Let’s start by leaving out lines that have no content at
all. There’s a special constant for the empty string; we saw it earlier:
String.Empty
. Let’s see what happens if
we use the code in Example 10-75, which
writes the line to the console only if it is not equal to String.Empty
.
Example 10-75. Detecting empty strings
foreach (string line in strings) { if (line != String.Empty) { output.AppendLine(line); } else { System.Diagnostics.Debug.WriteLine("Found a blank line"); } }
You might be wondering exactly how string comparisons are
performed. Some languages base string comparison on object identity so
that "Abc"
is not equal to a different
string object that also contains "Abc"
.
(That may seem weird, but in one sense it’s consistent: comparing
reference types always means asking “do these two variables refer to the
same thing?”) But in C#, when you have distinct string objects, it
performs a “character-like” comparison between strings, so any two strings
containing the same sequence of characters are equal. This is different
from how most reference types work, but by treating strings as a special
case, the result is closer to what most people would expect. (Or at least
to what most people who hadn’t already become accustomed to the oddities
of another language might expect.)
Because not all languages use by-value string comparison, the .NET
Framework supports the by-identity style too. Consequently, you get
by-value comparison only if the C# compiler knows it’s dealing with
strings. If you store two strings in variables of type object
, the C# compiler loses track of the
fact that they are strings, so if you compare these variables with the
==
operator, it doesn’t
know it should provide the string-specific by-value comparison, and will
instead do the default by-identity comparison you get for most reference
types.
For the sake of working out what is going on, we’re also writing a message to the debug output each time we find a blank line.
If we build and run, the output to the console looks like this:
To be, or not to be--that is the question: Whether 'tis nobelr in the mind to suffer, The slings and arrows of outrageous fortune , Or to take arms against a sea of troubles, And by opposing end them.
The debug output indicates that the code found and removed eight blank lines. (If you can’t see the Output panel in Visual Studio, you can show it with the View→Output menu item. Ensure that the “Show output from” drop down has Debug selected.) But apparently it missed some, judging by the output.

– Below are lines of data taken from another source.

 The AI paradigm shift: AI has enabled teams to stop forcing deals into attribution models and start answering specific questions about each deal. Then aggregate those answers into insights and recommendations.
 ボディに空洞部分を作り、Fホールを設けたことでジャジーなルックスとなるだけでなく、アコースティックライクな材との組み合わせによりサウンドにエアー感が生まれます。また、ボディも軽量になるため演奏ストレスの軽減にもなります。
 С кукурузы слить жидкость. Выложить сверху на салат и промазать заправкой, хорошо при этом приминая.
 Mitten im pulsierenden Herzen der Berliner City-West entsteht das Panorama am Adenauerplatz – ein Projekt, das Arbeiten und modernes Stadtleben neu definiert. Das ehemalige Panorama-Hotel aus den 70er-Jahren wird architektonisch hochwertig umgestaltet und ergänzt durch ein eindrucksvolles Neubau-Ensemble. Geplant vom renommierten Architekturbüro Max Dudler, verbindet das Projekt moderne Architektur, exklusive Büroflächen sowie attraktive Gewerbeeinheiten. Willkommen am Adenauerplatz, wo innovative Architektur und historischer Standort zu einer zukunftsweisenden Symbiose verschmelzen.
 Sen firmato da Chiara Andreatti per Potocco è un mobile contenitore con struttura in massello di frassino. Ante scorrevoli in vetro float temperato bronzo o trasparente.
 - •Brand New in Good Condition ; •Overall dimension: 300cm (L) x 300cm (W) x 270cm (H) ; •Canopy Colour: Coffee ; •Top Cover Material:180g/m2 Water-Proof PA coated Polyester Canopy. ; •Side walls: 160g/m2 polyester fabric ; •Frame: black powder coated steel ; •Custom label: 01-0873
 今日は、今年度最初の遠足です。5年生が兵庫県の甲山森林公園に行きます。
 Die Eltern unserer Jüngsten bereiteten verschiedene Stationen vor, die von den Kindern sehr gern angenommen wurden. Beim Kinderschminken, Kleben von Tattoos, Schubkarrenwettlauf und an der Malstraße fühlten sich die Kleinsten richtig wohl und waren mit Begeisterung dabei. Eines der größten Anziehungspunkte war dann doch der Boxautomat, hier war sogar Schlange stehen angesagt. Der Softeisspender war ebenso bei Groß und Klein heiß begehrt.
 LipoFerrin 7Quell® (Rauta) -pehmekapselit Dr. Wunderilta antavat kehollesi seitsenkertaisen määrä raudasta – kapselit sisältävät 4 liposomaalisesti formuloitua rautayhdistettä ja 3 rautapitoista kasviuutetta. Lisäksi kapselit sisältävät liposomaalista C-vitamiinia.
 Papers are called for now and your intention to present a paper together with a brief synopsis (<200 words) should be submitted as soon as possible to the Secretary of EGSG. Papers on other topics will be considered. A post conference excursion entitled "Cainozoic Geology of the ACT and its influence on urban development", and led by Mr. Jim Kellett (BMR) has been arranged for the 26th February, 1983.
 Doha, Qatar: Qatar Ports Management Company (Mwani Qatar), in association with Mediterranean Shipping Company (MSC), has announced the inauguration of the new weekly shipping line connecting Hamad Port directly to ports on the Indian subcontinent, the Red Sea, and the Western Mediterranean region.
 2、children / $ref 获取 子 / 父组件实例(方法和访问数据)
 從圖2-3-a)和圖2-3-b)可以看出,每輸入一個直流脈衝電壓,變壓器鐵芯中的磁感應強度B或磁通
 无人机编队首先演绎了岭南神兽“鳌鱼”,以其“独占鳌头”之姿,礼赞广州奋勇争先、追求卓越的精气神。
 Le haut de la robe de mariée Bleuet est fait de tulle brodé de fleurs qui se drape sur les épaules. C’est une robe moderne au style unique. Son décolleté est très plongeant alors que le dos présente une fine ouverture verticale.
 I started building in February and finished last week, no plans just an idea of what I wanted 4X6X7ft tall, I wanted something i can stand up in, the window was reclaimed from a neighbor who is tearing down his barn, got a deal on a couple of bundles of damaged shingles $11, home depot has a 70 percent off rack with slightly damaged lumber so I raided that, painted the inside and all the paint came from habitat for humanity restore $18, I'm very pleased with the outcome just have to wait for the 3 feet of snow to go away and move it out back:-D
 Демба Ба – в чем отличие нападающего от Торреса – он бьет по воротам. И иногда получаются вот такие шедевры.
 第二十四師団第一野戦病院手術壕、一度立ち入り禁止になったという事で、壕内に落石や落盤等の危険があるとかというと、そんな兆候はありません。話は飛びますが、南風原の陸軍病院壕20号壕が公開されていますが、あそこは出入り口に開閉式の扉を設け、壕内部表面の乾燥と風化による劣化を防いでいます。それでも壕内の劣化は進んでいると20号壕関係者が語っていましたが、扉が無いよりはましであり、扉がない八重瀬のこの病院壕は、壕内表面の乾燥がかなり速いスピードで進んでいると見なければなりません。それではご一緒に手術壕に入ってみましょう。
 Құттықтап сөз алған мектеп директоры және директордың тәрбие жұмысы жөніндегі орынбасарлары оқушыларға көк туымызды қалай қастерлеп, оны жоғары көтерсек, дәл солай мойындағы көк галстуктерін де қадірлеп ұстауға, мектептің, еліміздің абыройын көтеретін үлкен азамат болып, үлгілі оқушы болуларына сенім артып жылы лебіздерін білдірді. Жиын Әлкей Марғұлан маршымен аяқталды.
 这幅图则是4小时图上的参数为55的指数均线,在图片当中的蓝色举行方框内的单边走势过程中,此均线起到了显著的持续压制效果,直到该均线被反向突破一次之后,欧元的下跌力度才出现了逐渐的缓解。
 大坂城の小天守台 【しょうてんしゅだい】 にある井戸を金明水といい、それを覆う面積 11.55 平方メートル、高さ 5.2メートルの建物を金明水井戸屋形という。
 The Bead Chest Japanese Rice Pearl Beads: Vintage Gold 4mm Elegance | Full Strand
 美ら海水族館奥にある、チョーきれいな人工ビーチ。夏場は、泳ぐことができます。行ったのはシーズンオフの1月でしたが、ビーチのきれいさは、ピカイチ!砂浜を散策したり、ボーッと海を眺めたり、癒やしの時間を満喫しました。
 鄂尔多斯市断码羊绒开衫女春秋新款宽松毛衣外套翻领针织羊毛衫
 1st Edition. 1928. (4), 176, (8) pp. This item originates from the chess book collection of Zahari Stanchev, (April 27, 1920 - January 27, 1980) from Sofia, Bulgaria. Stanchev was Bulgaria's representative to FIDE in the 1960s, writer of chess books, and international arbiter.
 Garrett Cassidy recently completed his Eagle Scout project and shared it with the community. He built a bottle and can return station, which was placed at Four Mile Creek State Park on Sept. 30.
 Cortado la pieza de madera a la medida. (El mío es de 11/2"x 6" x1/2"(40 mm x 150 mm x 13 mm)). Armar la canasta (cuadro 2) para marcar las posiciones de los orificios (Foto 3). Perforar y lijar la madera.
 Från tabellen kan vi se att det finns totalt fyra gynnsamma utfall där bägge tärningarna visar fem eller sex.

So which are the eight “blank” lines—that is, the lines that are the
equivalent of String.Empty
? If you
single-step through the debugger, you’ll see that they are the ones that
look like ""
and String.Empty
.
The ones that contain just whitespace account for some of
the remaining blanks in the output. While visibly blank, these are clearly
not “empty”—they contain whitespace characters. We’ll deal with that in a
minute. The other line that looks “empty” but isn’t is the null
string.
As we said earlier, strings are reference types. There is,
therefore, a considerable difference between a null reference to a string,
and an empty string, as far as the .NET runtime is concerned. However, a
lot of applications don’t care about this distinction, so it can sometimes
be useful to treat a null string in much the same way as an empty string. The
String
class offers a static method
that lets us test for nullness-or-emptiness with a single call, which
Example 10-76 uses.
Example 10-76. Testing for either blank or null
foreach (string line in strings)
{
if (!String.IsNullOrEmpty(line))
{
output.AppendLine(line);
}
else
{
System.Diagnostics.Debug.WriteLine("Found a blank line");
}
}
Notice we have to use the !
operator, as the static method returns true
if the string is null
or empty. Our output is now stripped of “blank” lines except the one that
contains just whitespace. If you check the debug output panel, you’ll see
that nine lines have been ignored:
To be, or not to be--that is the question: Whether 'tis nobelr in the mind to suffer, The slings and arrows of outrageous fortune , Or to take arms against a sea of troubles, And by opposing end them.
So, what can we do about that remaining blank line at the start? We can deal with this by stripping out spurious whitespace, and then looking to see whether anything is left. Not only will this fix our blank-line problem, but it will also remove any whitespace that the user has left at the start and end of the line.